This repository contains codes and models for the paper:
Pan Y, Wang C, Hu B, Xiang Y, Wang X, Chen Q, Chen J, Du J
A BERT-Based Generation Model to Transform Medical Texts to SQL Queries for Electronic Medical Records: Model Development and Validation
JMIR Med Inform 2021;9(12):e32698
URL: https://medinform.jmir.org/2021/12/e32698
DOI: 10.2196/32698
pytorch >= 1.4.0
transformers == 3.0.2
nltk, numpy, tqdm, matplotlib, idna, tushare, sqlalchemy, pandas,
boto3, requests, regex, more_itertools, interval, translate, num2words
We provide the processed dataset in ./data, including train, validation and test sets.
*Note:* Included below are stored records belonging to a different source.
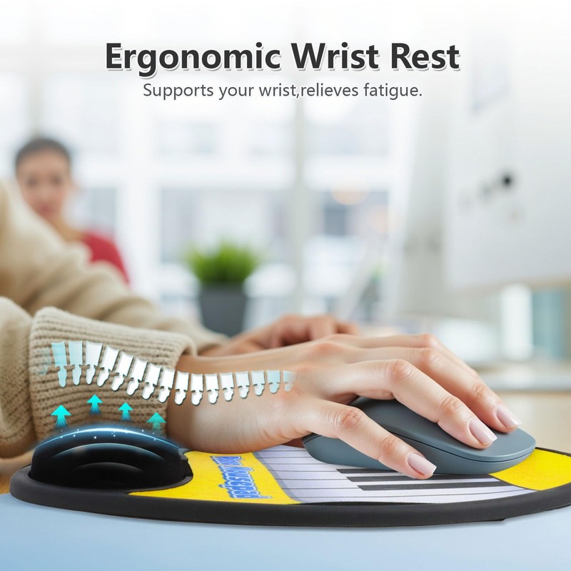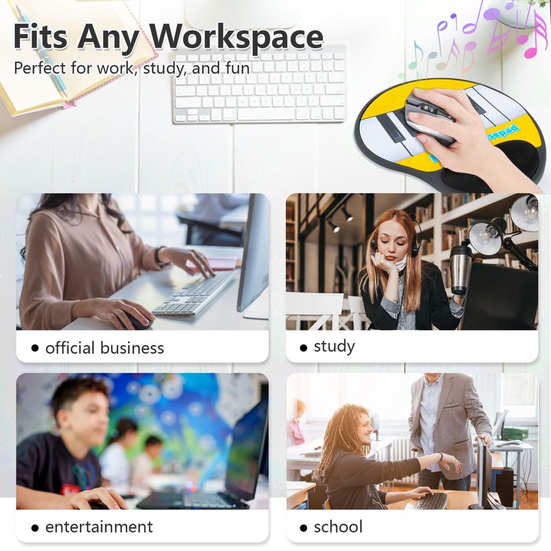 ピアノ型ミュージカルマウスパッド, 演奏可能な8白鍵・5黑鍵, リストレスト付き, 23x26cm, オフィス・デスクワーク用
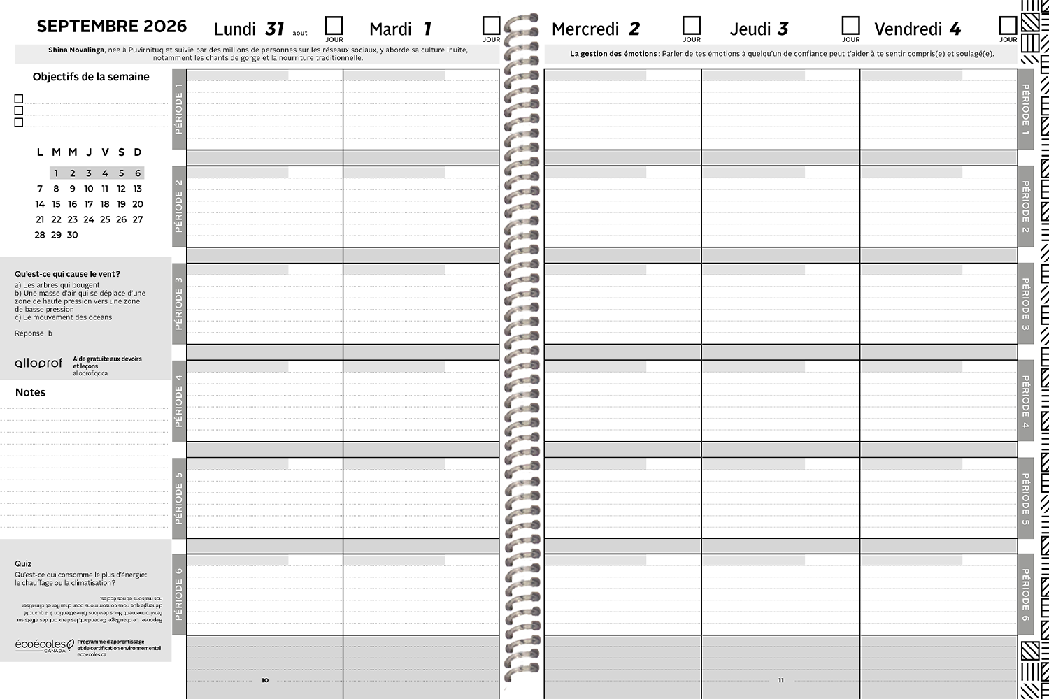Les contenus éducatifs disponibles pour tous nos agendas ont été minutieusement développés en collaboration avec Alloprof, ÉcoÉcoles Canada, Fondation jeunes en tête et TELUS Santé. Ensemble, nous promouvons de saines habitudes de vie et soutenons la réussite scolaire dans les écoles canadiennes.
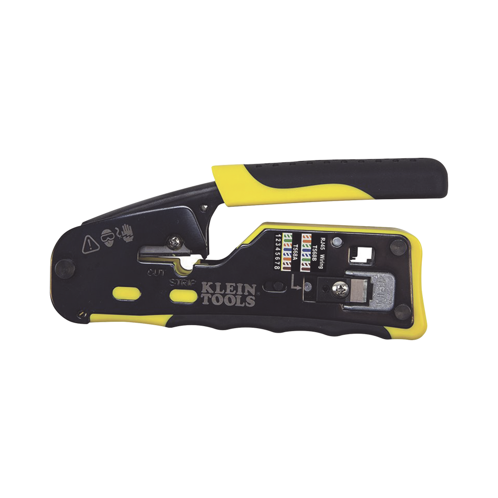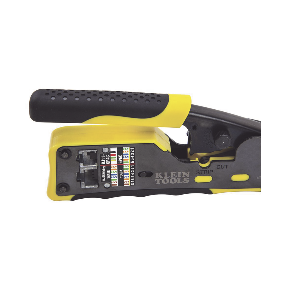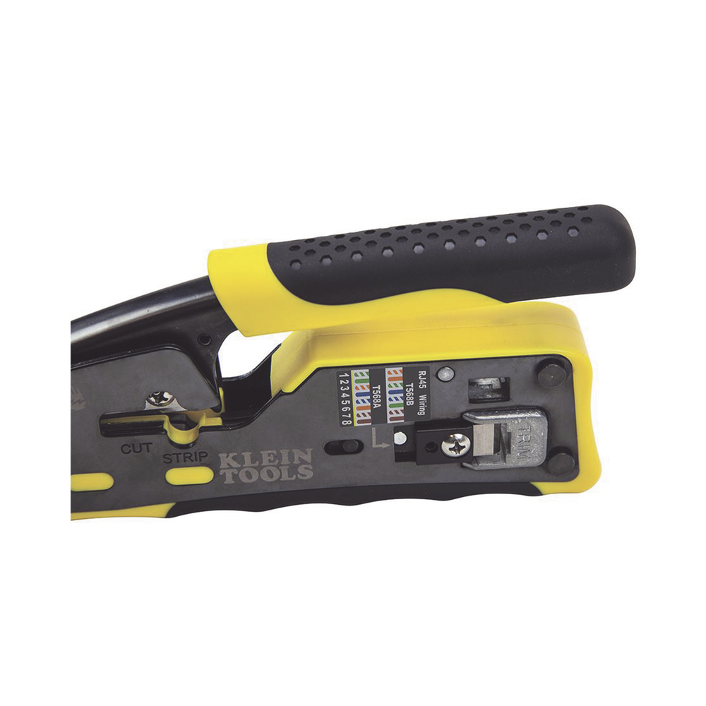 - Poncha conectores modulares de 4, 6 y 8 posiciones (conectores estándar RJ11/RJ12 y conectores RJ45 Pass-Thru™ de Klein Tools)
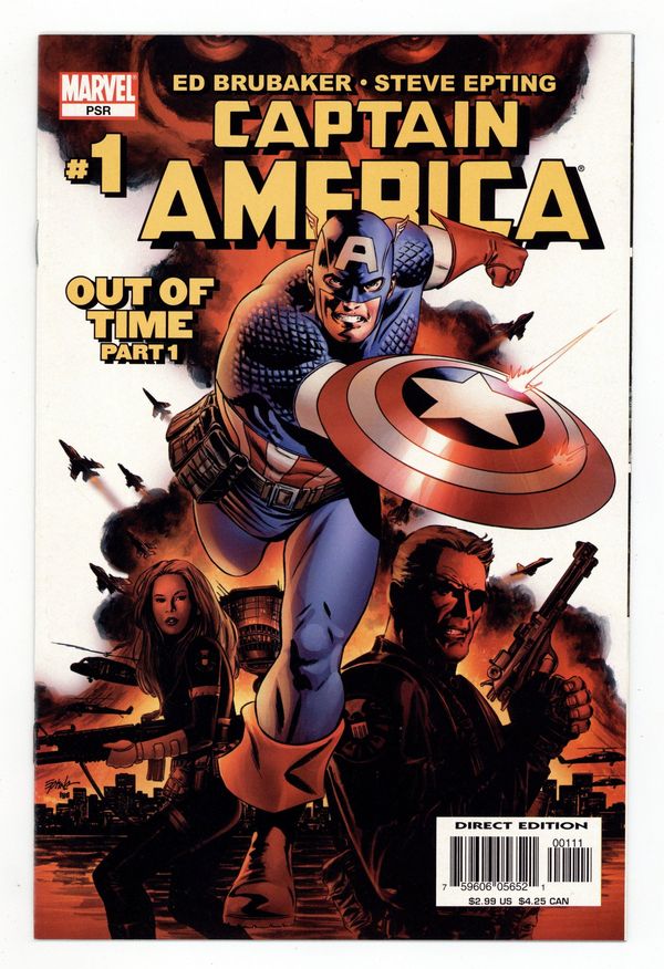 1st cameo app. of Winter Soldier. Winter Soldier: Part 1.1 - Out of Time: Part 1 of 6 - Written by ED BRUBAKER Art & Cover by STEVE EPTING It's a new beginning as four-time Eisner-nominated Best Writer Ed Brubaker makes his Marvel debut, joined by white-hot artist Steve Epting! As the new regular creative team, they will take Cap's life in directions fans will never see coming! In just this first issue, the Red Skull lays the groundwork for his most devastating attack ever on Captain America and the land he holds dear...and with the Cosmic Cube in his possession, how can Cap hope to stop him? Find out in the shocking twist-ending that will have everybody in the industry talking! 32 PGS./ MARVEL PSR NOTE: First partial/Cameo appearance of Winter Soldier. First full appearance is in issue #6 Cover price $2.99.
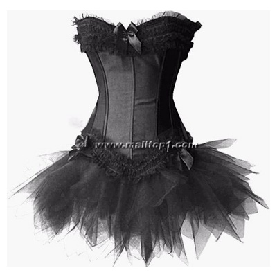 Чудесный черный комплектик состоит из трех предметов: корсета на косточках со шнуровкой, декорированного тремя бантиками и ажурными сборочками; пышной мини-юбочки и трусиков стринг.
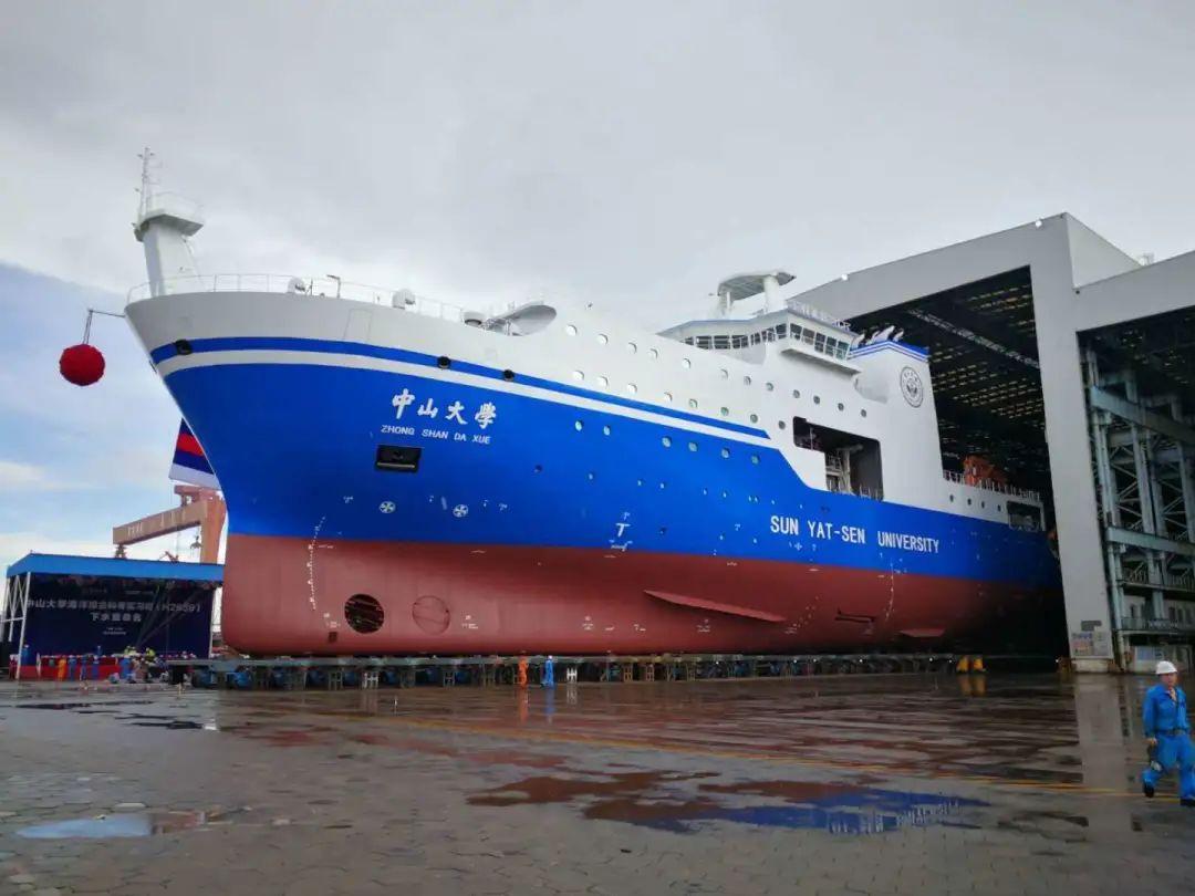 2016年6月教育部批复同意中山大学在“十三五”期间新建一艘6000吨级的海洋综合科考实习船。该船于2019年10月28日正式开工建造。此次下水后将立即开展舾装调试,预计2021年上半年交付使用。
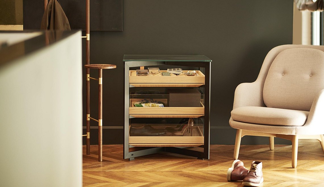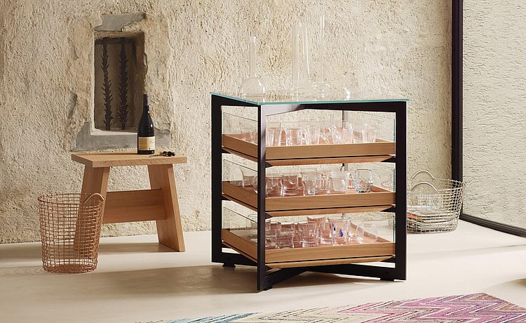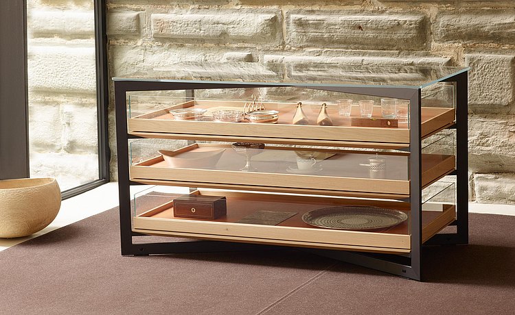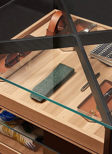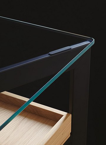 Glass displays without concealing anything. Glass protects without giving anything away. The combination of superb transparency and robust elegance makes glass a valuable element of your bulthaup b Solitaire. The glass top layer – with its precision-milled radius in the edge area – gives a clear view of collected treasures or everyday essentials.
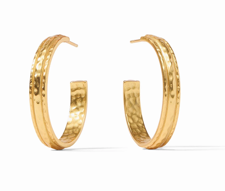 This hoop's hand-hammered golden bands softly glint and glimmer in the light.
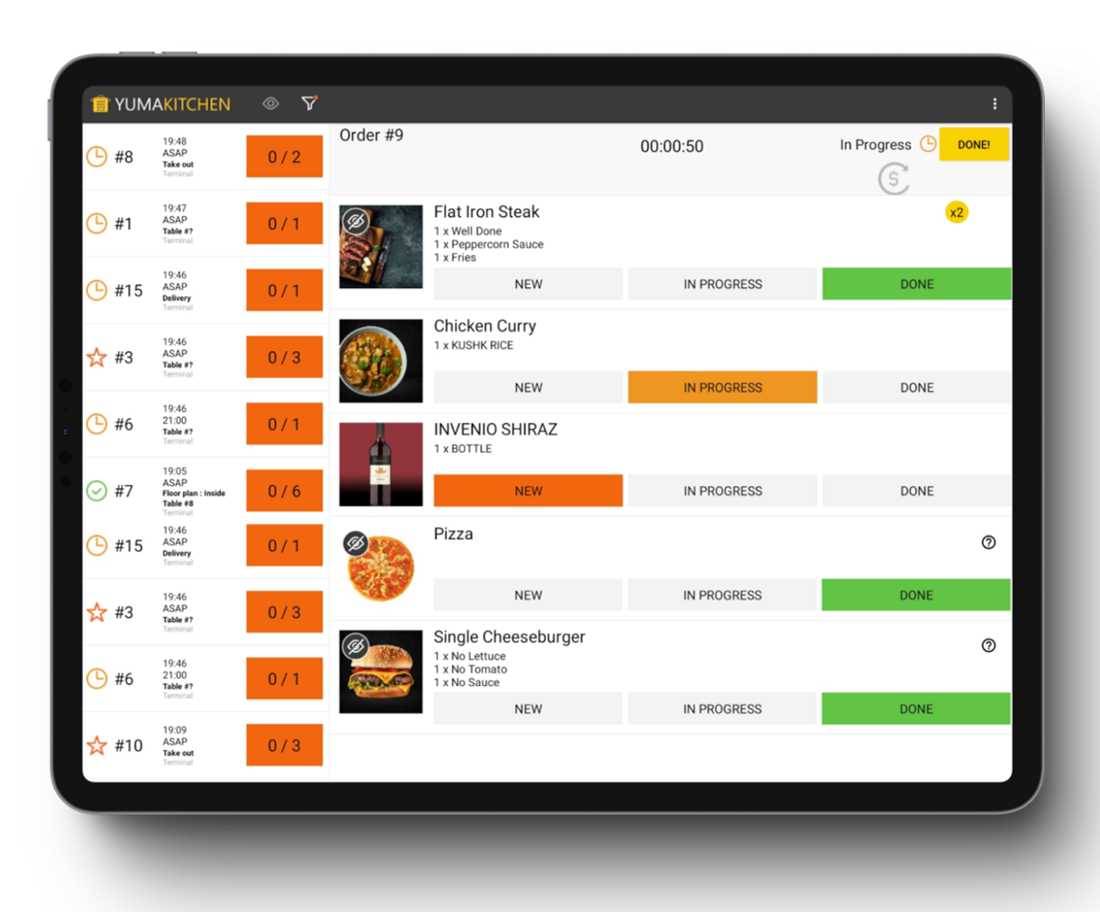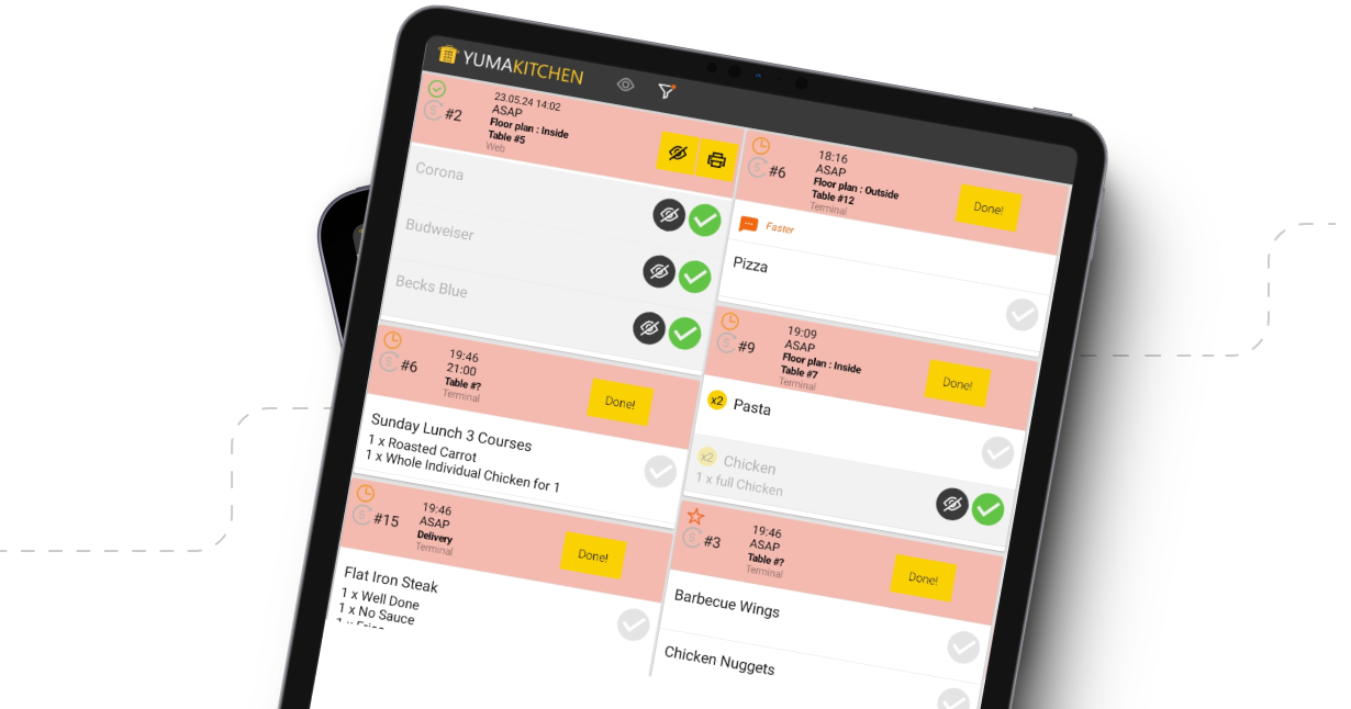 Our Kitchen Display System is wireless and easy to set up. A tablet or smartphone is all you need to use it.
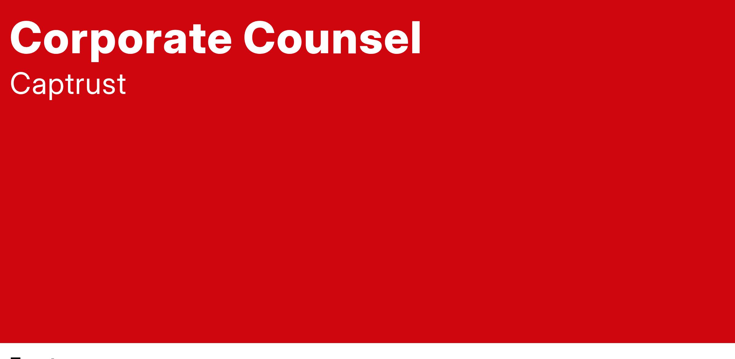 CAPTRUST is seeking a Corporate Counsel with commercial contracting experience to join our internal legal team. As counsel, you will provide practical legal advice, primarily to the institutional advisory practice, while mitigating legal risks for the company. The role will include responsibility to coordinate matters with external counsel and internal stakeholders. Our ideal candidate is comfortable working with all levels of management to gain an in-depth understanding of our strategy and services. The candidate will maintain the highest professional and ethical standards, have excellent time management, organization, and decision-making abilities, be able to prioritize projects and deadlines, be collaborative, and accountable while performing in a fast-paced and evolving environment.
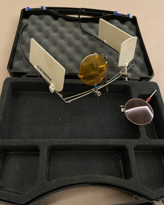 Knowbloch K1 frame with two coloured lenses and side blinders

Due to the limitation of storage, the bert_model and data directories can be found from OpenI or Google Drive.
The original dataset can be found from TREQS.
- run ./train.sh to train the model.
python -u ./src/train.py \
--dataset $DATA_DIR \
--train_data $TRAIN_DATA_PATH \
--epoch $EPOCH_NUM \
--save $SAVED_MODEL_DIR \
--cuda \
--cuda_device_num $DEVICE_NUM\
- run ./predict.sh to get the prediction on the validation/test set.
python -u ./src/predict.py \
--dataset $DATA_DIR \
--eval_data $PREDICT_DATA_PATH \
--model_dir $SAVED_MODEL_DIR \
--model $SAVED_MODEL_NAME \
--output_dir $OUTPUT_DIR \
--cuda \
--cuda_device_num $DEVICE_NUM \
The details of evaluation can be found in TREQS_evaluation, which is based on the publicly available real-world de-identified Medical Information Mart for Intensive Care III (MIMIC III) dataset.